Add a `skill_packages` entry to corteza's config. Either project-local at `<cwd>/.corteza/config.json` or global at `tools::R_user_dir("corteza", "config")/config.json`:

```json
{
  "skill_packages": ["fortunes"]
}
```

That's it. The string form registers every export. For larger packages, the object form picks specific functions:

```json
{
  "skill_packages": [
    {"package": "fortunes", "functions": ["fortune"]}
  ]
}
```

## Use

```r
corteza::chat()
```

The startup banner shows the tool count climbing — `corteza::chat()` reports `30 tools` instead of `29`. Then ask the agent to use it:

```
> Find a fortune by Brian Ripley about types or coercion.
```

You'll see the progress hint fire as the agent invokes the tool:

```
  [fortunes::fortune] author=Brian Ripley (8 lines)
```

The `fortune` object comes back with `quote`, `author`, `context`, `source`, and `date` fields, and the agent paraphrases or quotes from there. Try variations:

- "Pick a random fortune and tell me which R personality you'd most love to argue with about it."
- "Use `fortune(showMatches = TRUE)` to find anything about NULL, then summarize the consensus."
- "Show me three fortunes about S4 classes and rank them by snark."

## What makes a package a good fit

The R community has 20,000 CRAN packages but not all of them work cleanly as agent skills. The shape that fits:

- **Returns structured data** (data.frames, lists, S3 objects). The LLM consumes the result programmatically.
- **No printing to stderr** on the happy path. Anything that `cat()`s status updates or paints with `crayon::` pollutes the tool result.
- **No `oops()` or `stop()` for non-error cases**. If the function calls `stop()` because you're not in the right directory, it's designed for a human at the console, not a tool harness.
- **`.Rd` parameters that match `formals()`**. CRAN already enforces this with `R CMD check`, so any current CRAN package qualifies.

Counter-example: [gitr](https://cran.r-project.org/package=gitr) wraps `system2("git", ...)` cleanly enough but `cat()`s colored output and calls `oops()` when not in a git repo. Wrapping it as a skill needed `utils::capture.output()` and grew the code instead of shrinking it. Built for humans, not for plumbing.

The test: would you call this function from another function and trust the return value? If yes, it's a candidate.

## Why no MCP server

A live MCP server ships every tool's JSON schema into the system prompt at connect time. Twenty tools at ~400 tokens each is 8,000 tokens of startup overhead before the agent has done anything. The CLI / package-as-skill path pays roughly zero startup tax (corteza already has `bash`, `run_r`, `read_file` baked in), and lazy lookup via `saber::pkg_help()` costs ~200 tokens for a tool the agent actually needs.

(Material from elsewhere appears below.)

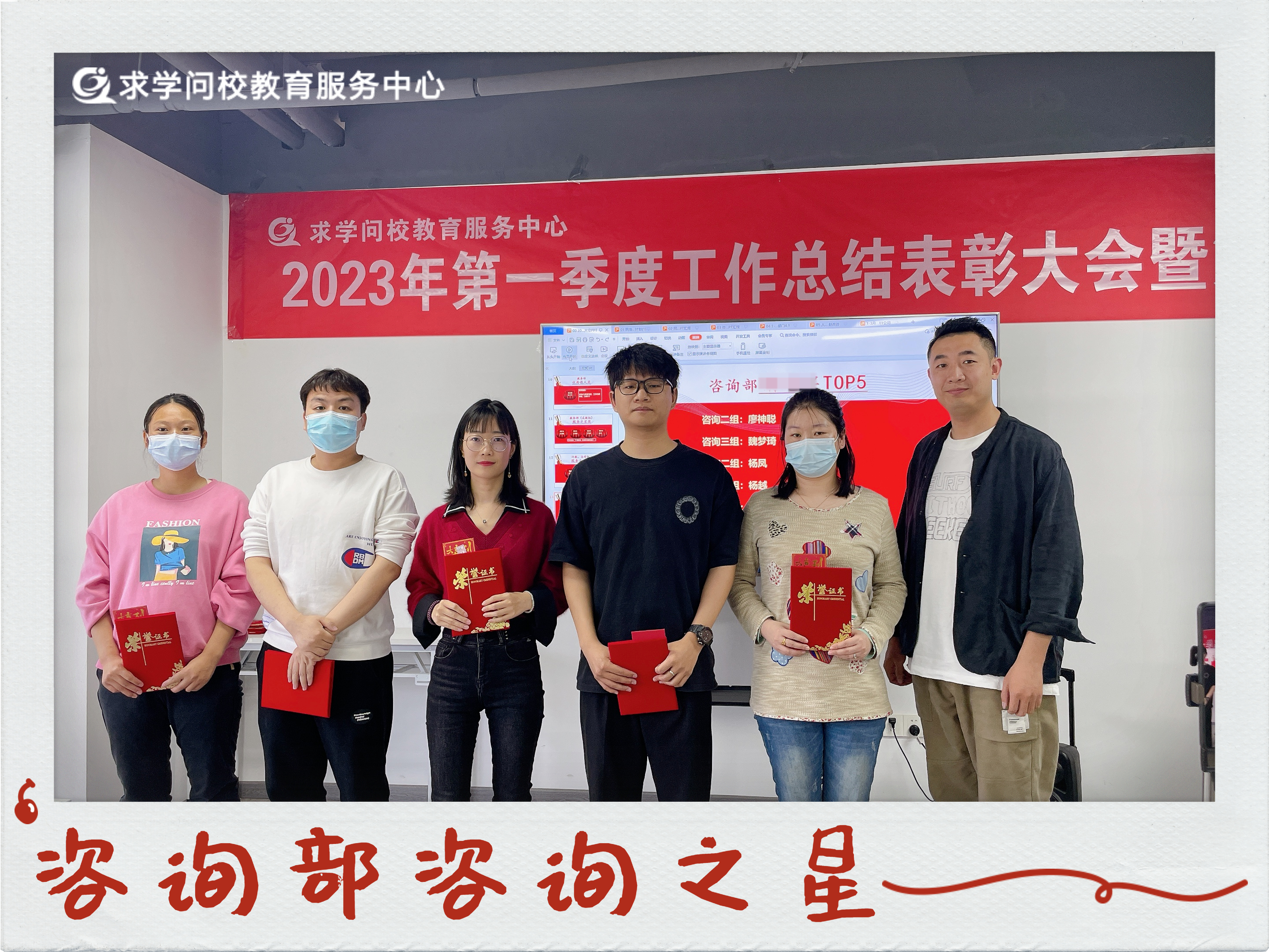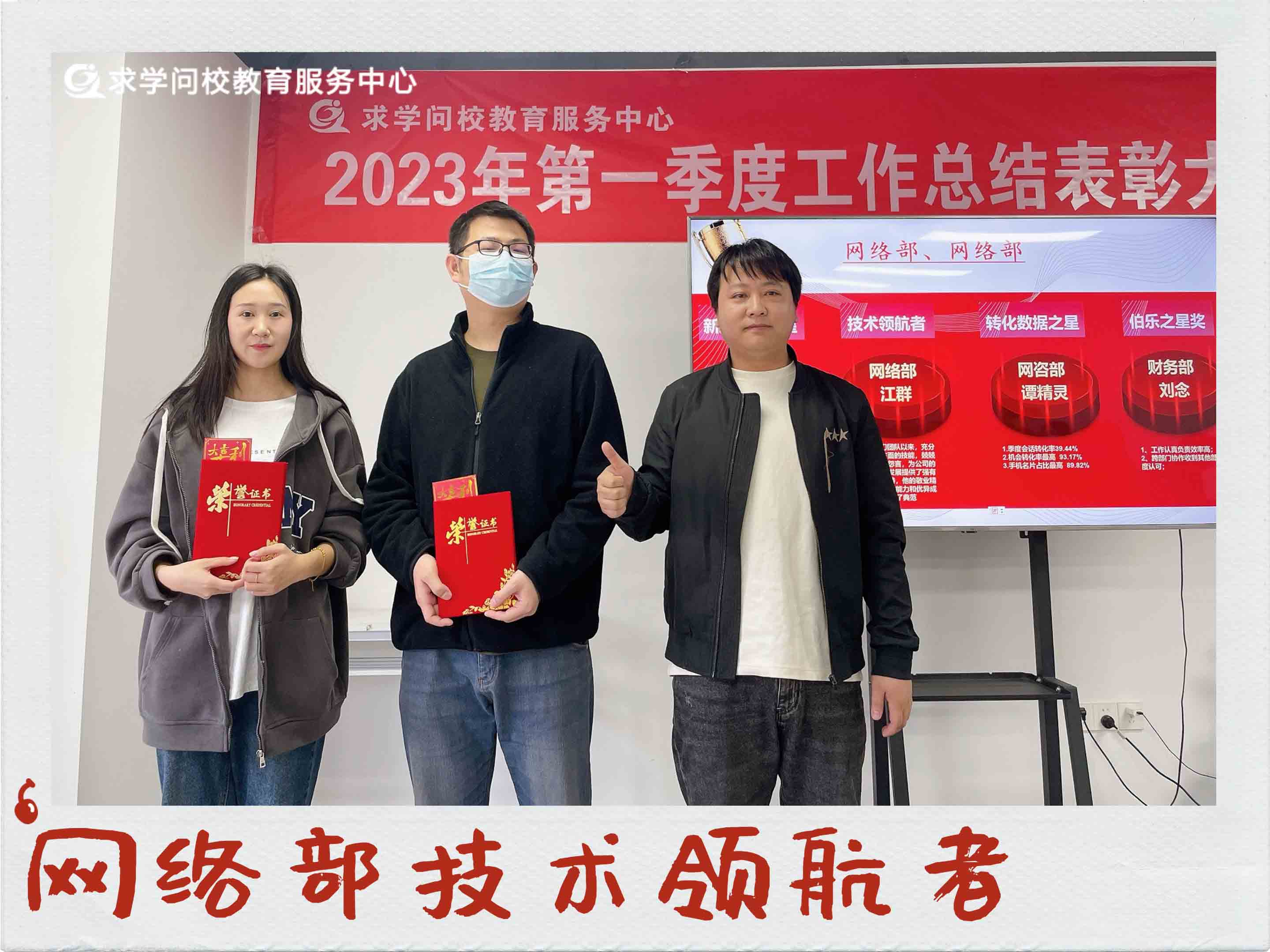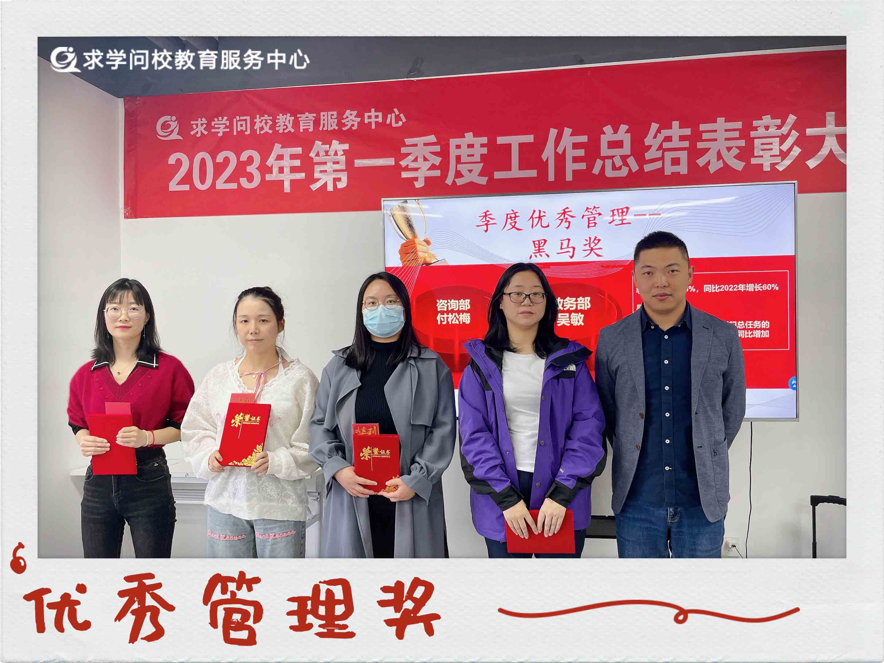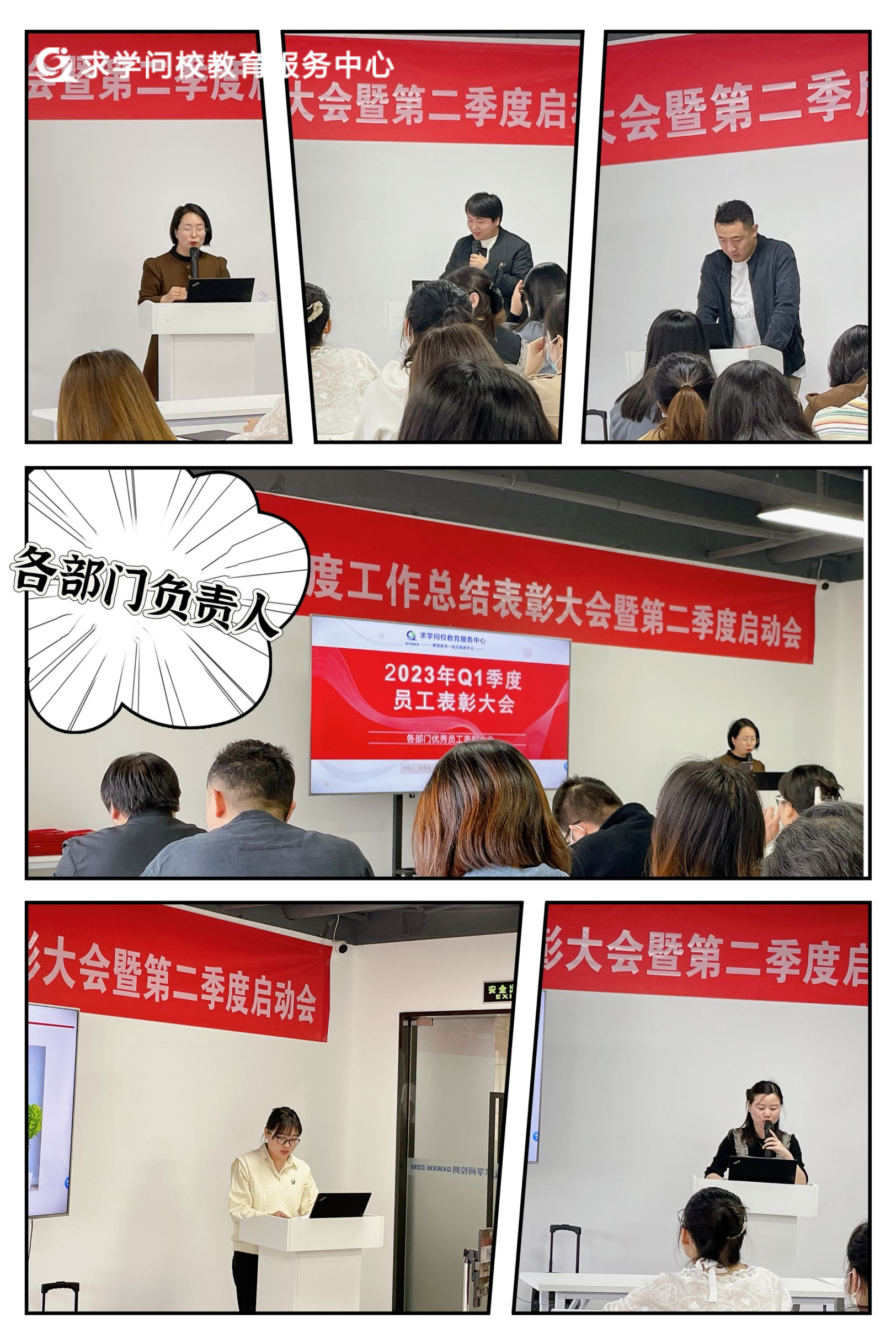 星光不問趕路人,時光不負有心人,2023年4月11日,求學問校教育服務中心召開了Q1季度工作總結暨表彰大會,會議由趙老師進行主持,頒獎的開始首先是由各部門領導總結了Q1季度各項工作取得的成果以及對Q2季度工作的規(guī)劃。

Same tool surface, different cost curve. corteza's MCP server (`corteza::serve()`) still exists for clients that need it (Claude Code, Codex, etc), but it's no longer the only path — the same skill registry feeds both.

## Where to go next

- The derivation pipeline is summarized in the package vignette and package source; the earlier external blog post is no longer linked because its URL no longer resolves reliably.
- Discover what's in a package the same way the agent does: `Rscript --vanilla -e 'saber::pkg_exports("fortunes")'` and `Rscript --vanilla -e 'saber::pkg_help("fortune", "fortunes")'`.
- For your own functions, drop an `.R` file in `<project>/.corteza/skills/` calling `register_skill_from_fn("name", my_fn)`. Loaded on every session start, no installation required.